"You—you knew it, then?"

"Of course!" she nodded again. "So did Jerry—so did Jessamy, so did your tall uncle—and your aunt, I think, and—and everybody else in all the world—except yourself, Peregrine."

"Blind fool that I was—"

"No, Peregrine, it was because you never guessed, that I didn't run away—"

"And you never will now, Diana, because you are mine, But I loved the sweet, pure soul of you first and so, my Diana, although I am longing—longing to kiss you—those dear gentle eyes, your red lips—I never will until you give them, because my love, being very great, is very humble, like—like this!" And sinking to my knees, I would have kissed the hem of her gown, but with a soft, sweet cry of reproach, she slipped to her knees also and swaying to me, hid her face in my breast.

"O Peregrine," she murmured, looking up at me through a mist of tears, "it is a wonderful thing to be loved by a gentleman—"

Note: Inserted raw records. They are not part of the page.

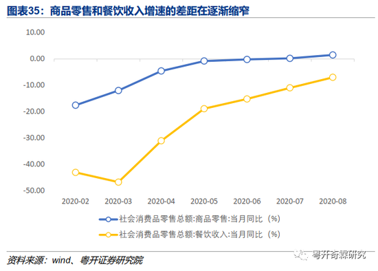 同时,目前疫情防控很到位,对大众生活出行的冲击已经在渐渐消解,服务+线下消费将继续修复,例如餐饮收入,以及比较依赖线下消费场景的服装、家电类零售等,可能会在9月延续回升趋势。
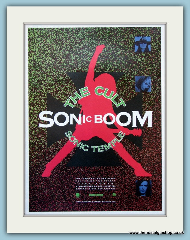The Cult. Sonic Temple, Sonic Boom! Classic original advert 1989. Presented in cream bevel cut mount with backing card and clear bag. Ready to fit in 14 x 11 inch frame. Want it framing? If so, buy this then go to Frames Available Category. Click to buy on the suitable frame and we will do the rest. All our adverts, unless clearly stated are Originals from the date shown They make excellent pieces of wall art and stunning gifts. Many are rare and hard to find and once sold, may not be replaced. Remember you are buying a piece of history. Website watermark is not on original.
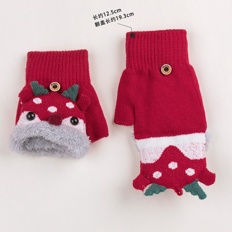 Children's gloves winter boys and girls plush warm gloves cold-proof cute half-finger flip cartoon new writing
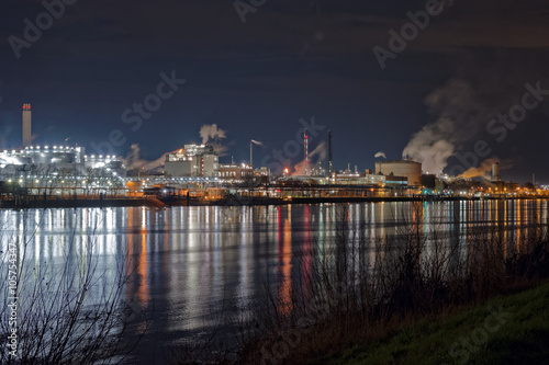 © David Hajnal, Fototapeta premium Single-Shot HDR of an industry landscape of Ludwigshafen as seen from Mannheim at the opposite side of the river Rhine in Germany.
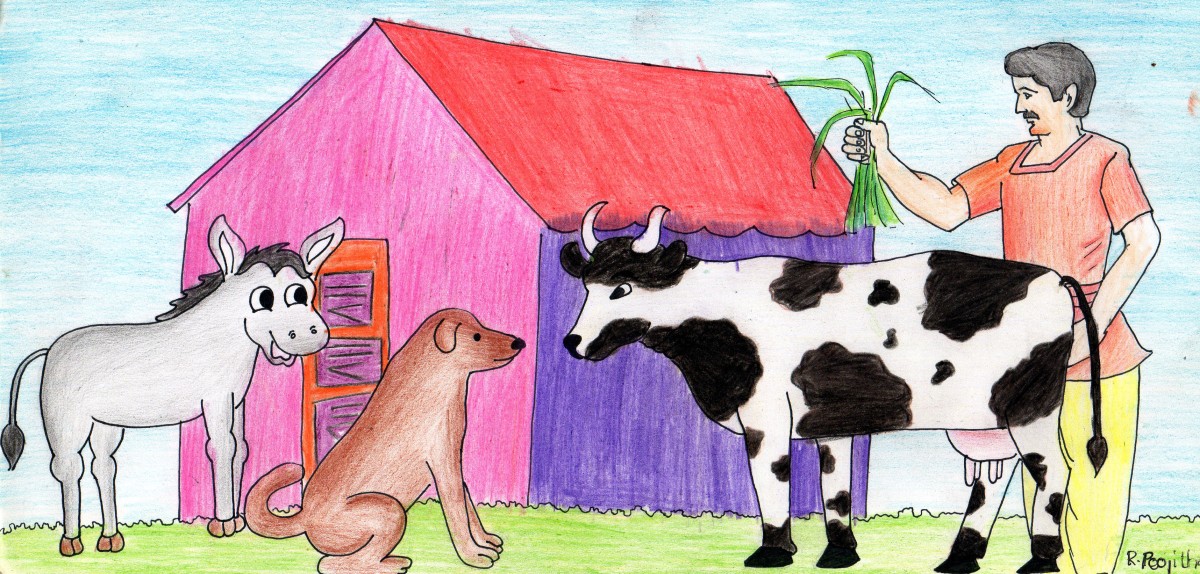 అనగనగా ఓ రైతు దగ్గర ఒక ఆవు, ఒక గుర్రం ఉండేవి. రోజూ అవి రెండూ ఊరవతల ఉన్న అడవికి వెళ్ళి మేసి వచ్చేవి.
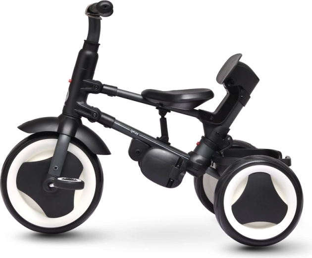 Det praktiske sammenklappelige system uden værktøj muliggør hurtig foldning til et kompakt format og nem transport – efter sammenklapning kan trehjuleren trækkes som en rejsetaske. Vibrationsdæmpende hjul af robust skum udligner ujævnheder, mens friløb og bremser på baghjulet bidrager til sikker kørsel. To kurve giver plads til småting på turen.

"Then God keep me so!" I whispered.

"He will, Peregrine, so long as you are Peregrine—kiss me!" And so for a deathless moment I held her close, to kiss her tumbled hair, her tearful eyes, the tremor of her sweet mouth.

"Peregrine—dear," she sighed, "at first I hated love and when it came it frighted me and then, when it came to you and you not knowing, I knew love could only be a dream 'twixt you and me and so I—I tried to make you hate me—I talked and acted rough—as much as I could, or—or very nearly—but I couldn't keep it up all the time, it hurt me so—"

"Then," cried I, "why then, you do love me, heart and soul, Diana?"